You know, I started reading the other thread "Be yourself but who am I" and can really resonate with some of the comments there. I don't really know who I am and I am still trying to work out what I really want because I tend to go with what I think others want me to be or do.
RT: Spot on.about the strength and getting help. It is scary. I work in two locations and have opened up to a couple of colleagues in each place -- because I don't want to hide anymore and because I think it's important that someone knows. They have been so caring and supportive but it's been really hard to actually start that conversation, to say "I'm not OK". I am quite a joyful person and I try to be friendly so people have been surprised that I am actually depressed. I called Lifeline the other day and had a great talk with someone who really encouraged me just to be myself. I started the medication yesterday; the pharmacist was very kind and asking me if I'd taken it before and being clear that it won't make me feel better instantly. It did make me drowsy and I feel a little out of it but maybe it's extra tiredness too.
I don't like comparisons. I often find them in my work because I work with sick people, and many of them have the view that there's always someone worse than they are. I get that perspective, but I try to gently help them to see that their struggle is real and valid, and it's okay for them to feel like things are not okay and that they are going through something really hard. I find it so easy to talk to others like that, but really hard to say that to myself.

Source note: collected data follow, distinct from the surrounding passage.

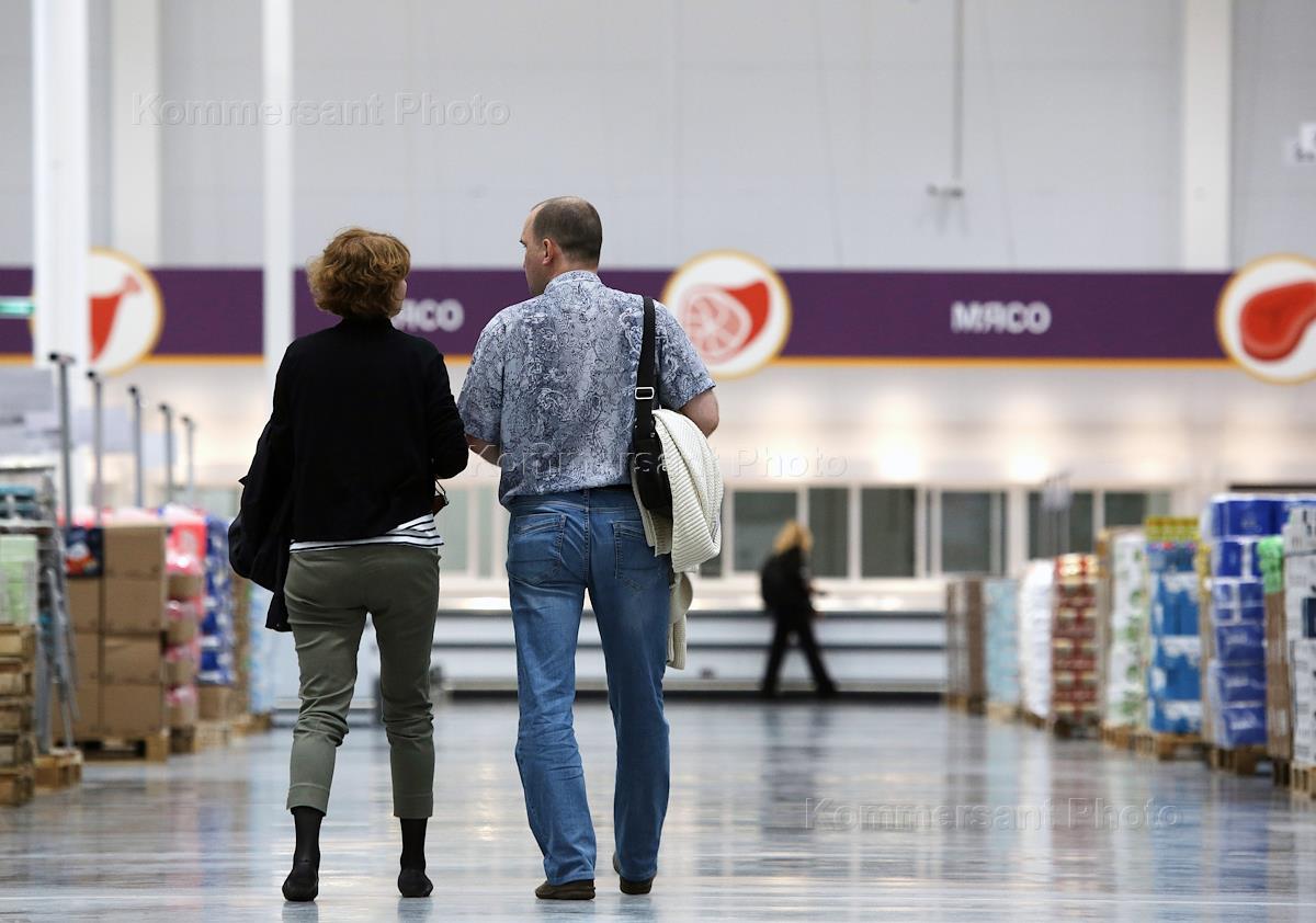 Открытие нового торгового комплекса сети "Оптоклуб Ряды" на Мурманском шоссе. Покупатели в торговом зале.
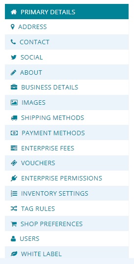 Enterprise settings are where you can manage details relating to your profile and/or shopfront.
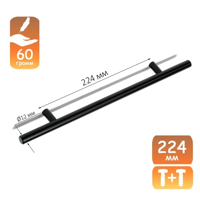 Ручка рейлинг CAPPIO FRIDA, нерж. сталь, d=12 мм, м/о 224 мм, цвет черный
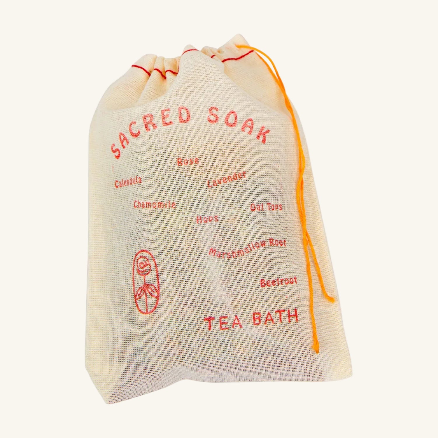 The Sacred Soak is a calming tea bath for the body made from soothing herbs that balance out our busy lives. Beetroot is added to the blend turning bathwater a deep ruby color, to ignite the root chakra and our connection to Mother Earth.

If I could stop downplaying, or talk to someone freely... that would be a great feeling. I get scared to open up, because I don't trust people, so I quickly brush it over with "I'm okay", or I'll say "I'm not okay, but everything will be fine". Even with taking these meds, I worry that is inconveniencing or causing problems for people. Yes, I am there for my friends and love to help them. There are people who really want to help me, and they are helping me, but I just feel so guilty every time I am helped.